Filing this as a valgrind bug as I don't think we're doing anything
special in the libglvnd build that would emit broken dwarf.

Comment 1 Adam Jackson 2018-04-12 17:58:24 UTC
Moving this to rpm. Rebuilding libglvnd with %global debug_package %{nil} produces debuggable libraries, so this has to be a problem in find-debuginfo.sh or something it calls.

Comment 2 Mark Wielaard 2018-04-12 19:05:52 UTC
Replicated. But not yet investigated.

This is the valgrind backtrace (run under gdb) when ensure_valid_failed is hit:

#0  ensure_valid_failed (offset=460632, size=12, 
    caller=caller@entry=0x582221e0 "ML_(img_get)", img=<optimized out>, 
    img=<optimized out>) at m_debuginfo/image.c:1052
#1  0x00000000580d876e in ensure_valid (caller=0x582221e0 "ML_(img_get)", 
    size=12, offset=460632, img=0x1002976b30) at m_debuginfo/image.c:1076
#2  vgModuleLocal_img_get (dst=dst@entry=0x1002eace74, 
    img=img@entry=0x1002976b30, offset=offset@entry=460632, size=size@entry=12)
    at m_debuginfo/image.c:1085
#3  0x0000000058001522 in find_buildid (img=img@entry=0x1002976b30, 
    rel_ok=rel_ok@entry=0 '\000', search_shdrs=search_shdrs@entry=1 '\001')
    at m_debuginfo/readelf.c:1150
#4  0x00000000580017c6 in open_debug_file (
    name=name@entry=0x1002a4e1e0 "/usr/lib/debug/.build-id/3e/30f2307639da3a66b4c72c310049c659461253.debug", 
    buildid=buildid@entry=0x10028847b0 "3e30f2307639da3a66b4c72c310049c659461253", crc=crc@entry=0, rel_ok=rel_ok@entry=0 '\000', 
    serverAddr=serverAddr@entry=0x0) at m_debuginfo/readelf.c:1252
#5  0x000000005800192a in find_debug_file (di=di@entry=0x1002b8b960, 
    objpath=0x1002c8bec0 "/usr/lib64/libGL.so.1.7.0", 
    buildid=buildid@entry=0x10028847b0 "3e30f2307639da3a66b4c72c310049c659461253", 
    debugname=debugname@entry=0x1002a4e180 "libGL.so.1.7.0-1.0.1-0.1.20180226gitb029c24.fc28.x86_64.debug", crc=crc@entry=1951608855, 
    rel_ok=rel_ok@entry=0 '\000') at m_debuginfo/readelf.c:1308

Comment 3 Mark Wielaard 2018-04-12 19:13:39 UTC
This does look like a valgrind issue. If you look at the backtrace in comment 2 you'll notice this comes from "find_buildid". Looking at the source it looks like it is trying to get the buildid first though the phdrs and if that fails it should fall back on trying to get them through the shdrs. But the phdrs in a .debug file aren't reliable. So that is why getting the PT_NOTE fails. It really shouldn't trigger the "cannot recover" part. It should fall back to trying to find the build-id through the shdrs.

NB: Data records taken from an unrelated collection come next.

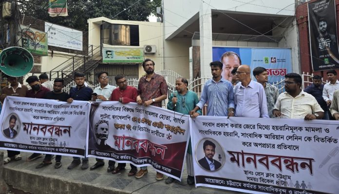 চট্টগ্রামে কর্মরত সাংবাদিকবৃন্দ ও নাগরিক সমাজের ব্যানারে আয়োজিত এ কর্মসূচিতে অংশগ্রহণকারীরা অভিযোগ করেন, একটি স্বার্থান্বেষী চক্র পরিকল্পিতভাবে সাংবাদিকদের বিরুদ্ধে মিথ্যা মামলা দায়ের করে হয়রানি করছে, যা স্বাধীন সাংবাদিকতার জন্য মারাত্মক হুমকি।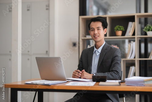 Young Asian businessman working using laptop in modern office, analyzing accounts Financial investment information report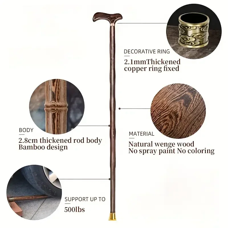 Kävelykeppi , kestävä puinen kävelykeppi säilytyspussilla.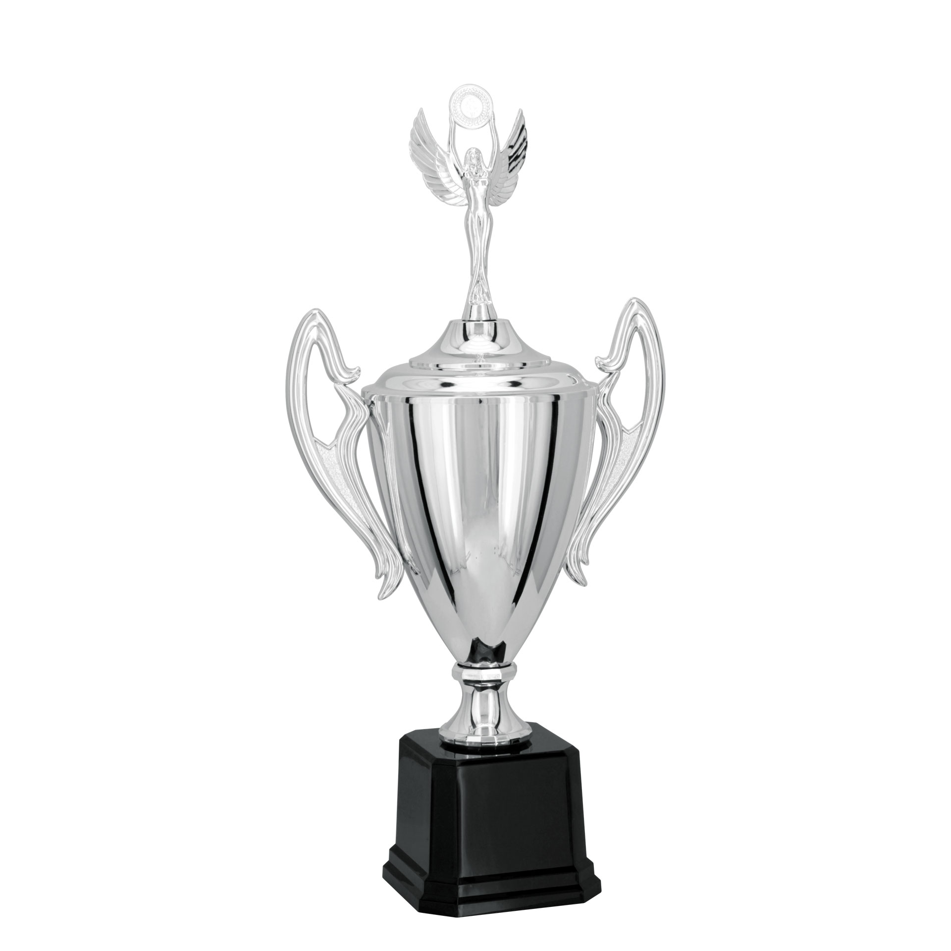 TROFÉU EM POLÍMERO METALIZADO A ALTO VÁCUO MEDIDAS: ALTURA – 56 cm. LARGURA SUPERIOR – 27 cm. LARGURA INFERIOR – 13,10 cm. ALTURA DA BASE- 10 cm. PESO APROXIMADO – CORES – PRATA, PRETO CORES ALTERNATIVAS: SUPORTE, TAÇA COM ALÇAS E TAMPA, ESTATUETA SUPERIOR NA COR DOURADA. COMPOSIÇÃO: COMPONENTES FABRICADOS EM POLÍMERO: BASE OITAVADA, SUPORTE, TAÇA COM ALÇAS E TAMPA, ESTATUETA SUPERIOR. OUTROS COMPONENTES: FERRAGENS PARA FIXAÇÃO.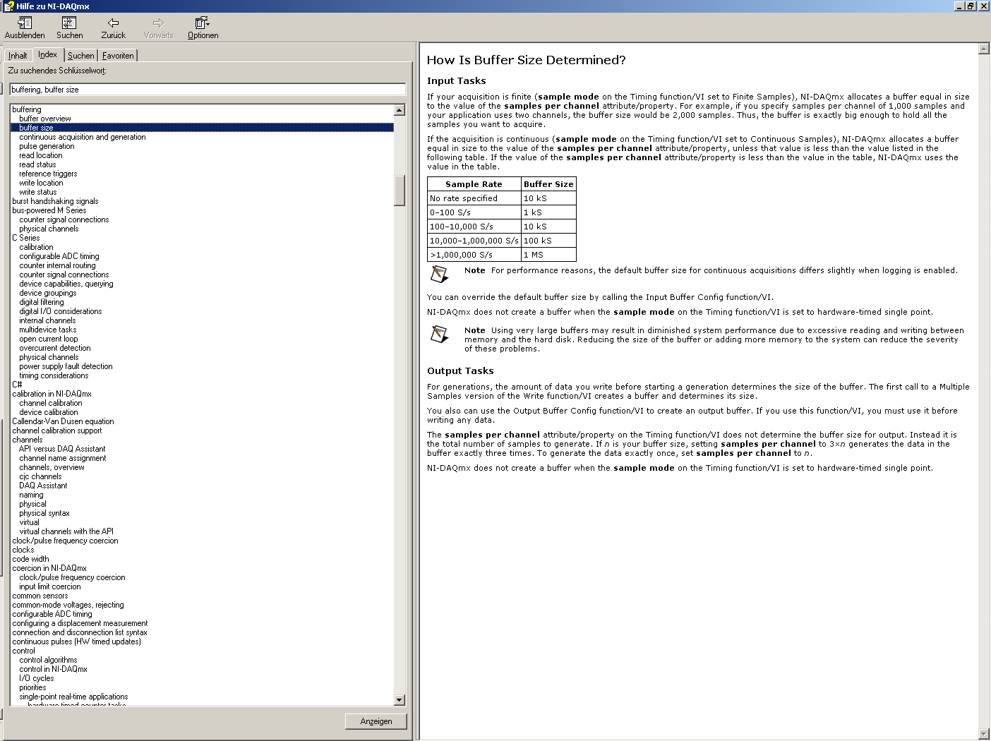 (05.02.2012 20:24 )taktbar schrieb:  Beachte dazu das Kleingedruckte in der Hilfe zum VI "Sample-Takt": Im Modus "Kontinuierlich" ist der Eingang "Samples pro Kanal" (der hier keinen Sinn macht) umfunktioniert zu "Puffergröße"!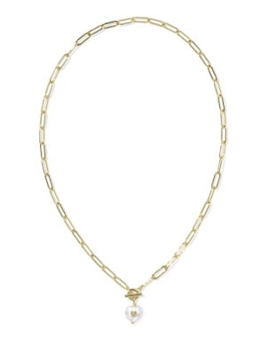 The Sasha Gold Heart Link and Chain Necklace gives pearls a major (and adorable) update. Featuring a heart-shaped freshwater cultured pearl with a metallic beauty mark on a toggle closure paperclip chain, this trend-forward necklace will become a unique and lovely piece for your collection.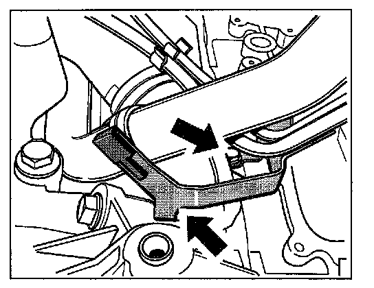 - Raise the vehicle at the engine by means of a workshop jack so that the swivel arms of the hoist passes underneath the kick plates without damage.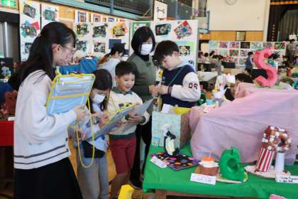 とっても優しい顔で2年生と一緒に鑑賞する5年生です。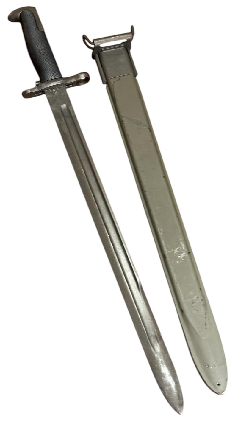 Very nice untouched US WW2 long model 1903 rifle/M1 Garand bayonet with its original scabbard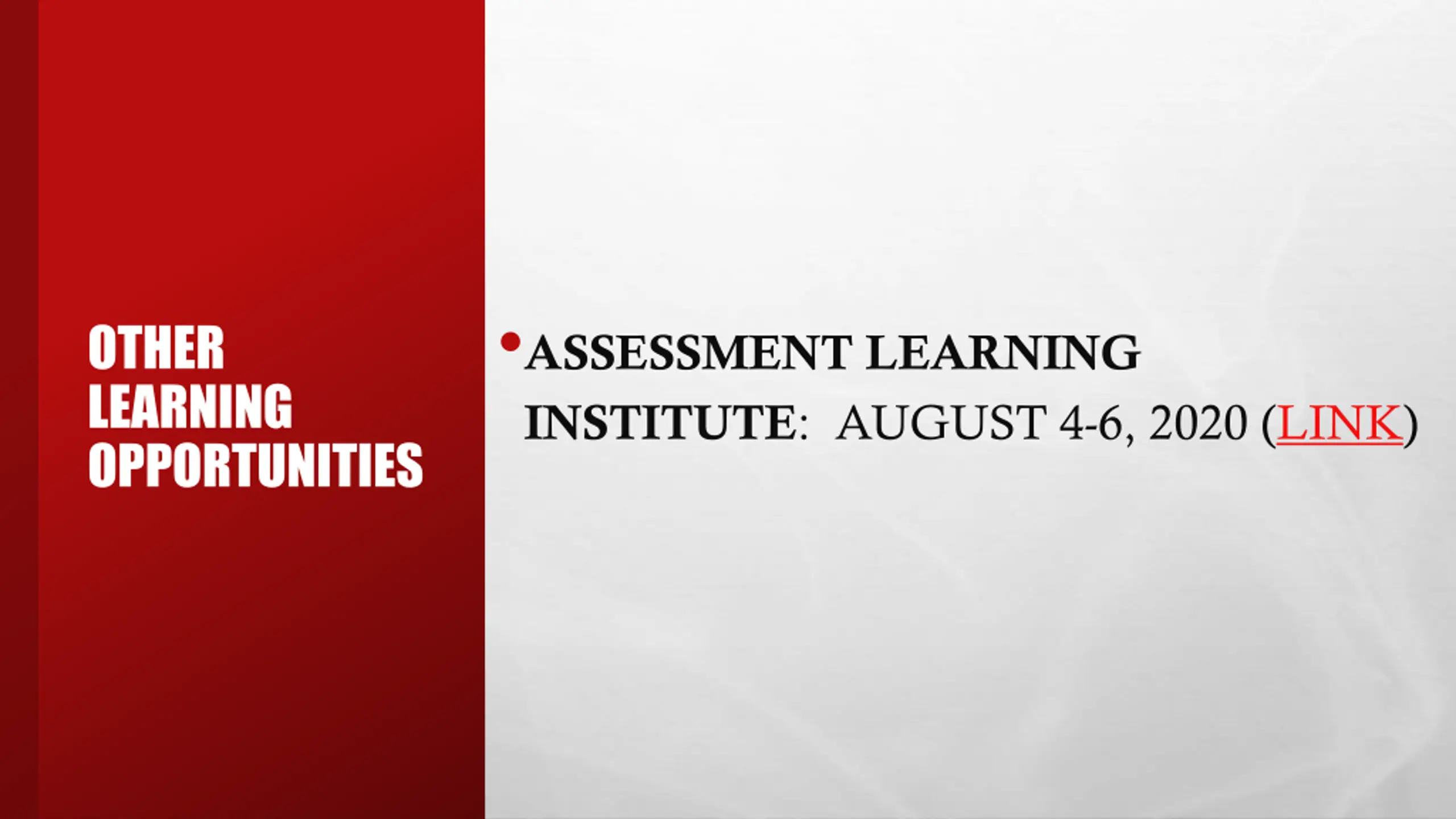 ASSESSMENT LEARNING INSTITUTE: AUGUST 4-6, 2020 (LINK) OTHER LEARNING OPPORTUNITIES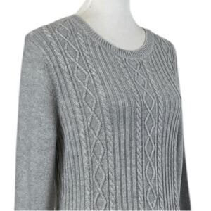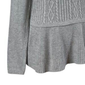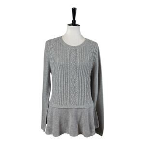 Talbots Sweater Peplum Crew Neck Cable Knit Light Gray Women’s Size Large
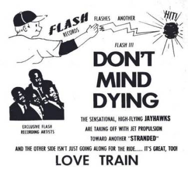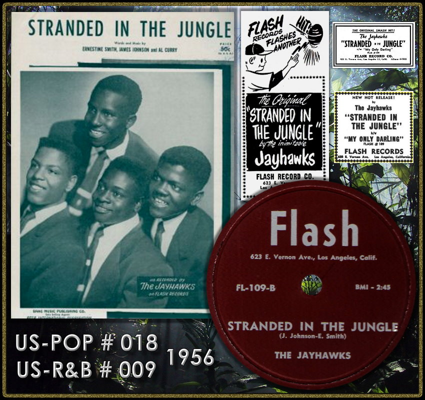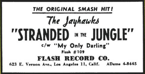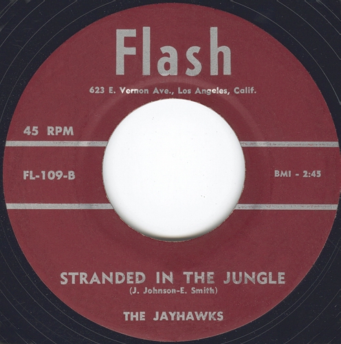 über The Jawhawks habe ich im Forum nichts entdeckt. Die Rhythm & Blues Formation startete 1955 mit drei Platten auf dem kleinem Flash-Label. Ihre zweite Single "Stranded in the Jungle" wurde von den CADETS erfolgreich gecovert. Die Gruppe wechselte häufig den Bandnamen (u.a. The Vibrations).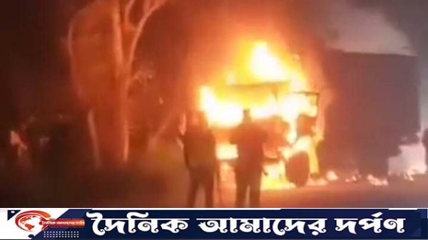 কাভার্ড ভ্যানটি উল্লাপাড়ায় পৌঁছালে কয়েকজন দুর্বৃত্ত আগুন দিয়ে পালিয়ে যায়।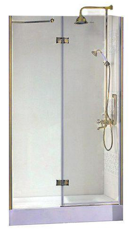 Душевая дверь Cezares Magic Дверь в нишу 900хh1950мм, с неподв. сегментом, "Левая" (вход 585мм) справа, (стекло прозрачное, 8мм, фурнит. цв.золото), Magic XX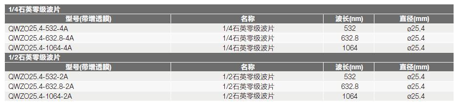 1. QWZO系列石英零级波片: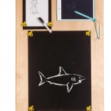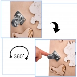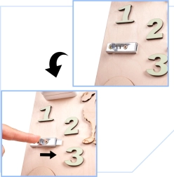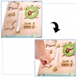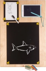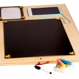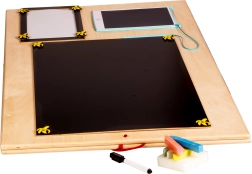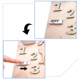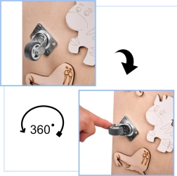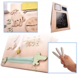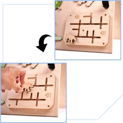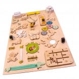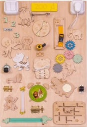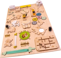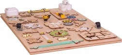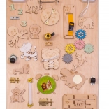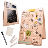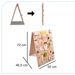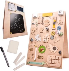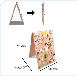 La caratteristica unica di questa tavola è la sua doppia facciata - un lato contiene molti elementi manipolativi e l'altro funge da superficie per disegnare e scrivere con gessetti, pennarelli o matite. Questo aiuta i bambini a sviluppare la creatività e la motricità fine.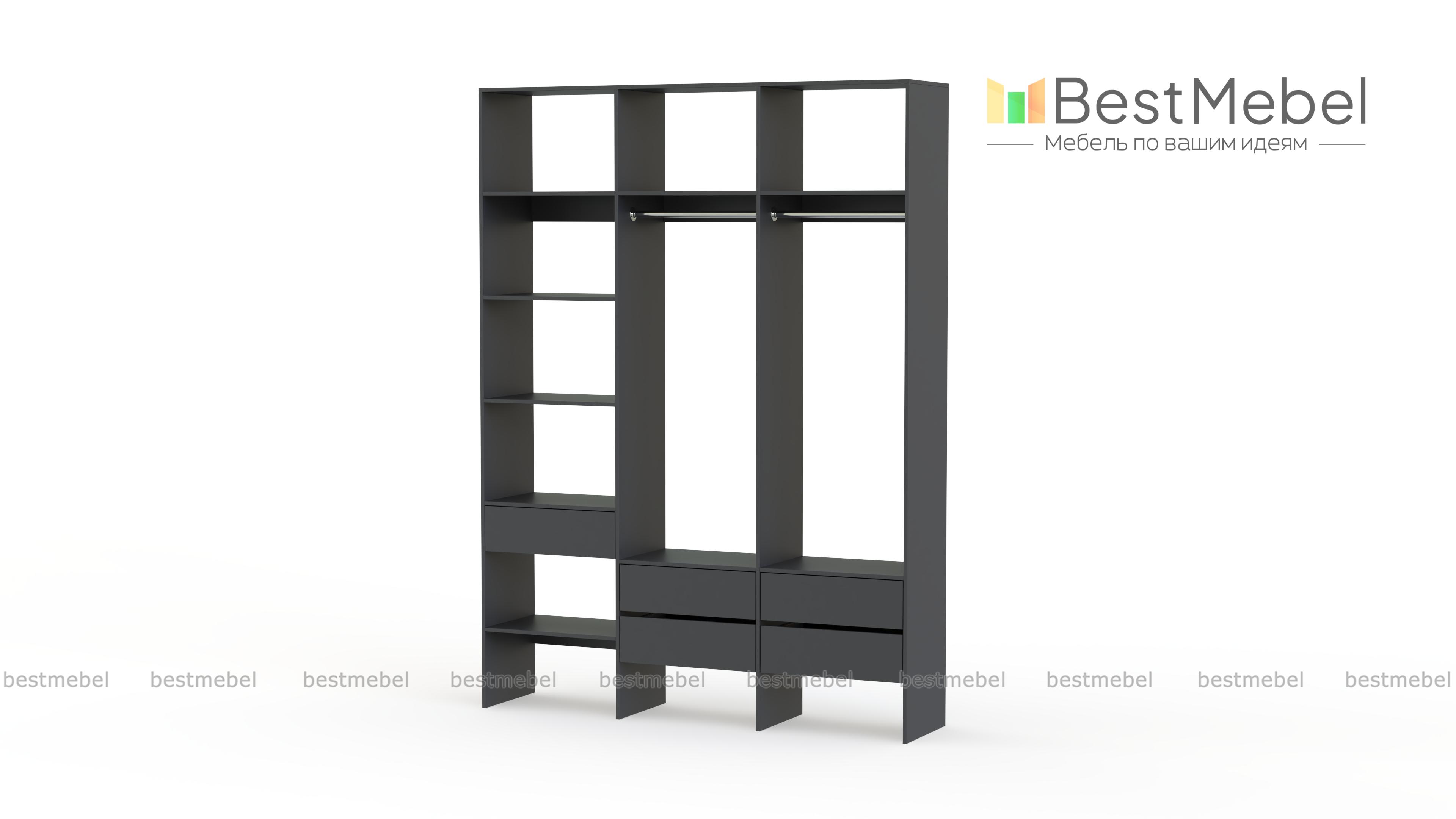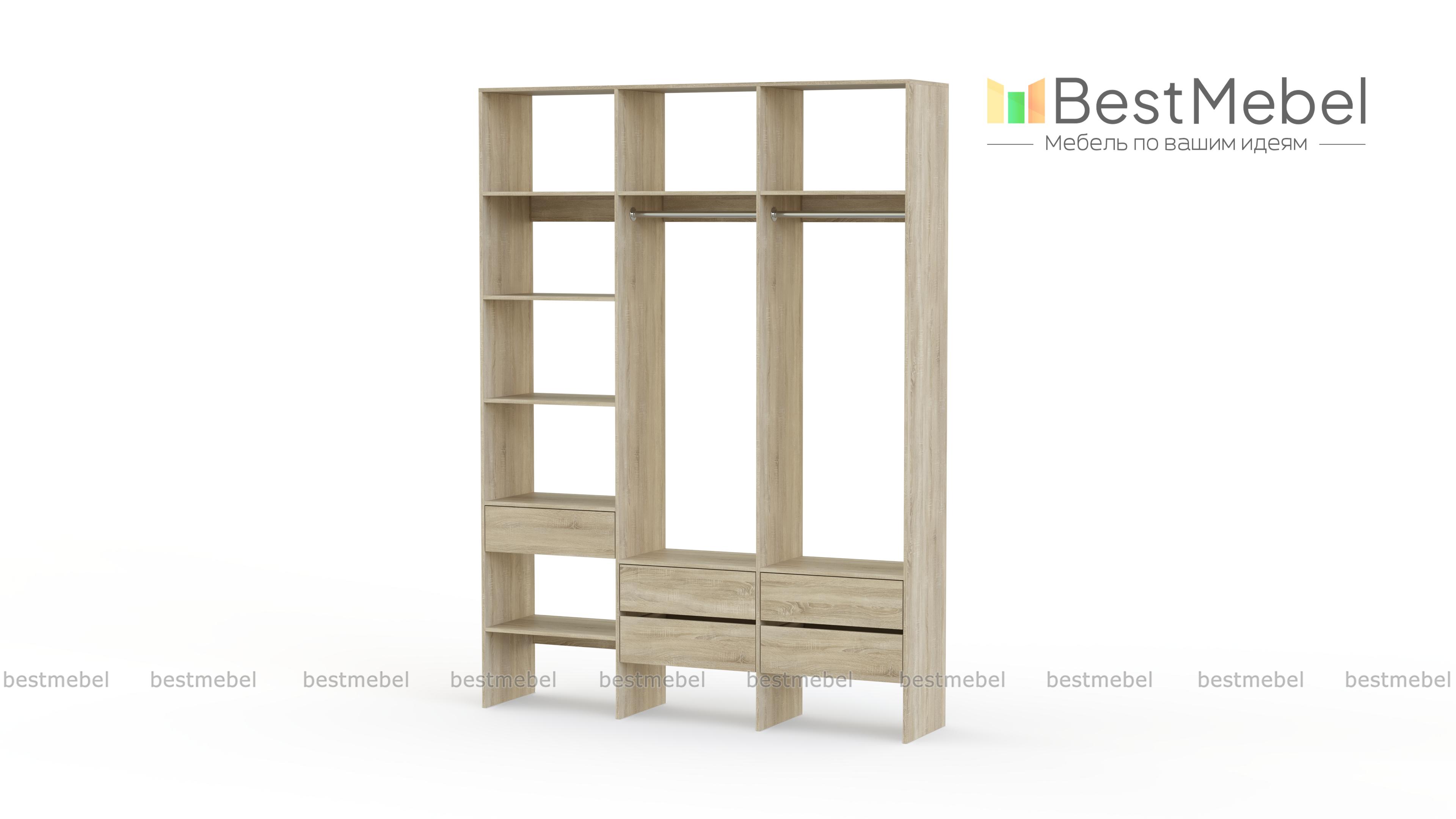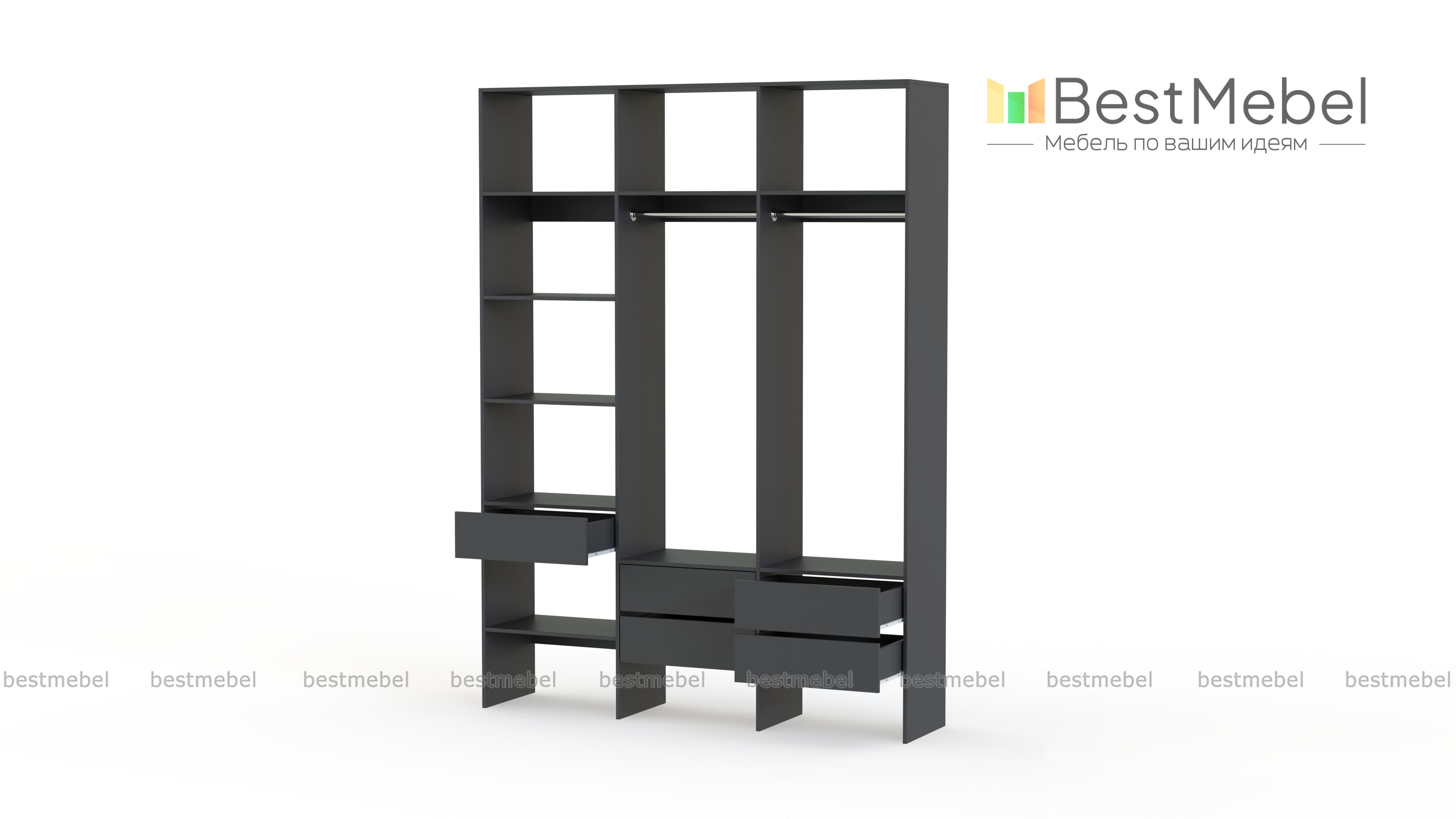 Стеллаж для одежды Мирта 53 BMS поможет вам организовать хранение в гардеробной комнате или прихожей. Открытая конструкция включает два отделения со штангами, пять выдвижных ящиков и полки, на которых можно разместить как обувь, так и стопки одежды, домашний текстиль, коробки с мелочами. Ламинированные поверхности отличаются износостойкостью и простотой ухода. Купить стеллаж для одежды Мирта 53 BMS в любом размере и оттенке из каталога приглашаем в наш интернет-магазин.

Comment 4 Mark Wielaard 2018-04-12 19:30:18 UTC
This seems to resolve the issue:

diff --git a/coregrind/m_debuginfo/readelf.c b/coregrind/m_debuginfo/readelf.c
index 70c28e629..8bd3e049c 100644
--- a/coregrind/m_debuginfo/readelf.c
+++ b/coregrind/m_debuginfo/readelf.c
@@ -1137,7 +1137,11 @@ HChar* find_buildid(DiImage* img, Bool rel_ok, Bool search_shdrs)
       ElfXX_Ehdr ehdr;
       ML_(img_get)(&ehdr, img, 0, sizeof(ehdr));
-      for (i = 0; i < ehdr.e_phnum; i++) {
+      /* Skip the phdrs when we have to search the shdrs. In separate
+         .debug files the phdrs might not be valid (they are a copy of
+         the main ELF file) and might trigger assertions when getting
+        image notes based on them. */
+      for (i = 0; !search_shdrs && i < ehdr.e_phnum; i++) {
          ElfXX_Phdr phdr;
          ML_(img_get)(&phdr, img,
                       ehdr.e_phoff + i * ehdr.e_phentsize, sizeof(phdr));

I'll report upstream and build new fedora valgrind packages.

Comment 5 Adam Jackson 2018-04-12 20:02:00 UTC
Oh very cool. Thanks for figuring it out so quickly!

Comment 6 Fedora Update System 2018-04-12 21:14:28 UTC
valgrind-3.13.0-18.fc28 has been submitted as an update to Fedora 28. https://bodhi.fedoraproject.org/updates/FEDORA-2018-6e2b5f0c1e

Comment 7 Fedora Update System 2018-04-15 02:22:37 UTC
valgrind-3.13.0-18.fc28 has been pushed to the Fedora 28 testing repository. If problems still persist, please make note of it in this bug report.
See https://fedoraproject.org/wiki/QA:Updates_Testing for
instructions on how to install test updates.
You can provide feedback for this update here: https://bodhi.fedoraproject.org/updates/FEDORA-2018-6e2b5f0c1e

Comment 8 Fedora Update System 2018-04-17 00:18:41 UTC
valgrind-3.13.0-18.fc28 has been pushed to the Fedora 28 stable repository. If problems still persist, please make note of it in this bug report.